Most people who struggle with guard passing don't have a technique problem. They have a fundamentals problem. Bad posture. No pressure. Trying to pass too fast. Fix those, and the specific passes start working.
Key Takeaways
- Posture and base come before any specific pass. No posture, no pass.
- The two most reliable guard passes for beginners are the torreando (bullfighter) and the over-under. Learn those before anything else.
- Pressure is what makes passing work — not speed, not strength.
- Most guard passes fail because of grips, not footwork. Control the legs first.
- Guard passing gets easier when you understand what the guard player is trying to do. It's a reaction game.
Why Guard Passing Is the Hardest Fundamental in BJJ
Here's the honest answer: you're working against someone whose entire job is to use their legs to tie you up, sweep you, or submit you. The guard is purpose-built to stop passes. That's why so many white and blue belts feel like they're swimming in cement every time they try to advance.
Guard passing difficulty is also why it's the area that separates decent grapplers from good ones. According to BJJ Heroes, the athletes who dominate at the highest levels — your Bernardo Farias, your Lepri — built their games on pressure passing. Not flash. Not complicated. Pressure.
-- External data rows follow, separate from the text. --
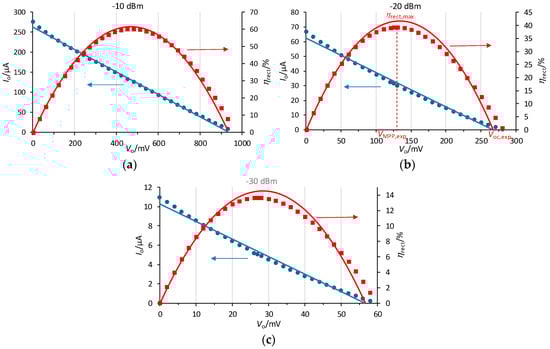 Measured values (dots) and least-squares fittings (continuous lines) of Io and ηrect versus Vo for the rectenna at Pav equal to (a) −10 dBm, (b) −20 dBm, and (c) −30 dBm.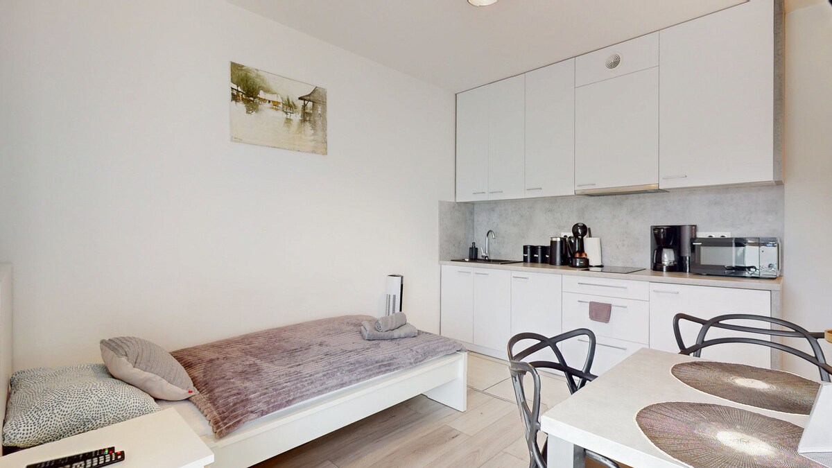 Modern and bright apartment consisting of two rooms, a kitchen and a bathroom. Fully equipped - fridge, dishwasher, washing machine, vacuum cleaner, TV, full kitchen equipment, table with 4 chairs. In the first room there is a fold-out corner sofa, in the second a large, comfortable bed. Both rooms have direct access to the balcony.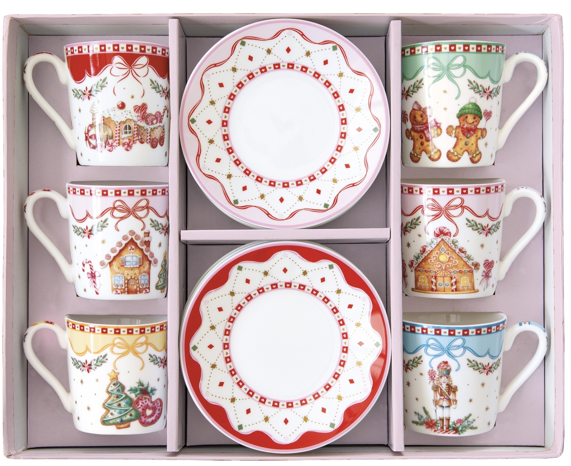 Porcelánové šálky a podšálky na kávu Sweet Christmas

For most people training in Brooklyn or anywhere else, guard passing isn't clicking because they never drilled the underlying structure: posture, grip, pressure, movement. The specific technique is almost secondary.
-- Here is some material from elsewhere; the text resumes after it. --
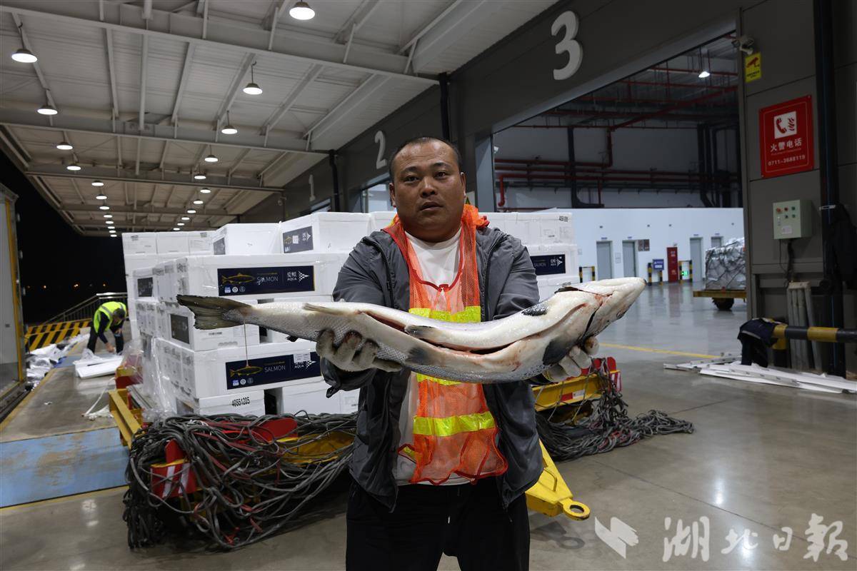 除了车厘子,同机抵达的还有20吨智利三文鱼。鄂州零壹航空服务有限公司现场主管李松随手打开一箱,里层的冰块还没融化。“三文鱼体长超过半米,每条约5至7公斤,新鲜!”李松说。

The Foundation: Posture, Base, and Grips
Before you think about which pass to use, you need to not get swept or submitted. That means posture.
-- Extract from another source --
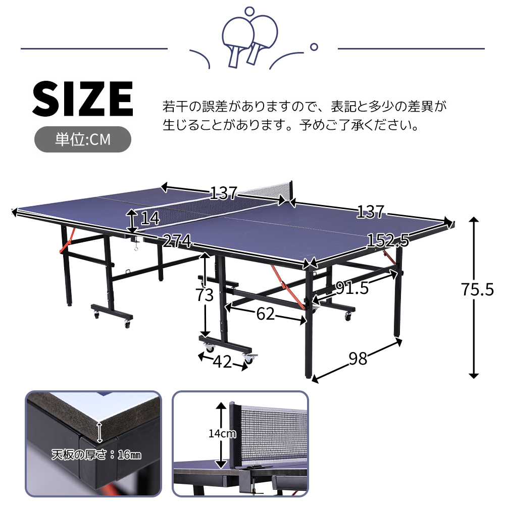 【品質がしっかりしている】テーブルの体は丈夫で、ボールネットの固定はしっかりしていて、金属部品の品質は良いです。プレイ中も何の心配もありません!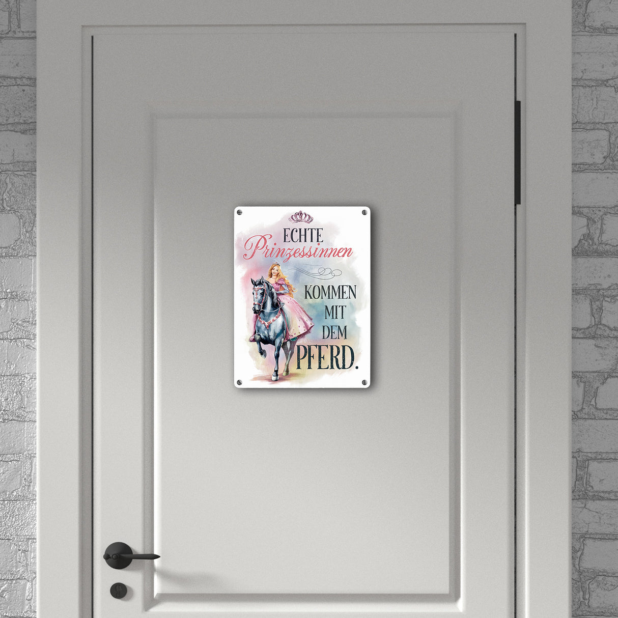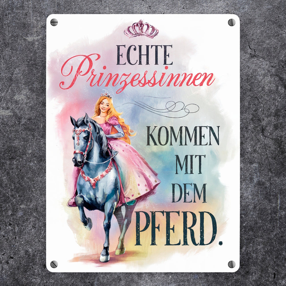 Echte Prinzessinnen reiten Pferde Metallschild in 15x20 cm

When you're in someone's closed guard, your spine needs to be upright. Elbows in. Hips heavy. If you let someone break your posture down, they can start working arm bars, triangles, and sweeps. The guard player wants you hunched forward with your head down. Don't give them that.
Your base matters just as much. Feet wider than shoulder-width when you're standing in guard. Hips low and controlled when you're kneeling. Staying heavy and grounded is what lets you establish grips and start the pass without getting reversed.
Grips are where most passes live or die. You want to control the legs, not fight the upper body. Getting a grip on the pants at the knee, the ankle, or across the legs is what lets you start moving the hips off the center line and opening up the pass.
If you're training no-gi, grips change but the concept is the same. You're grabbing at the knee pockets, the ankles, behind the knees. Check out the breakdown on no-gi lessons in Brooklyn if that's your focus, because grip strategy differs enough that it's worth addressing separately.
The Two Passes Every Beginner Should Learn First
You don't need ten passes. You need two that actually work. Here they are.
Torreando (Bullfighter Pass)
This is the pass that transfers best from beginner to advanced. You control both legs at the knee level, then pivot your body to either side while pushing the legs away. The goal is to get your hips past theirs before they can re-guard.
Why it works for beginners: it keeps you standing, which makes it harder for them to hit sweeps or submissions. You're not putting your weight into them prematurely. You're controlling the frame and moving around it.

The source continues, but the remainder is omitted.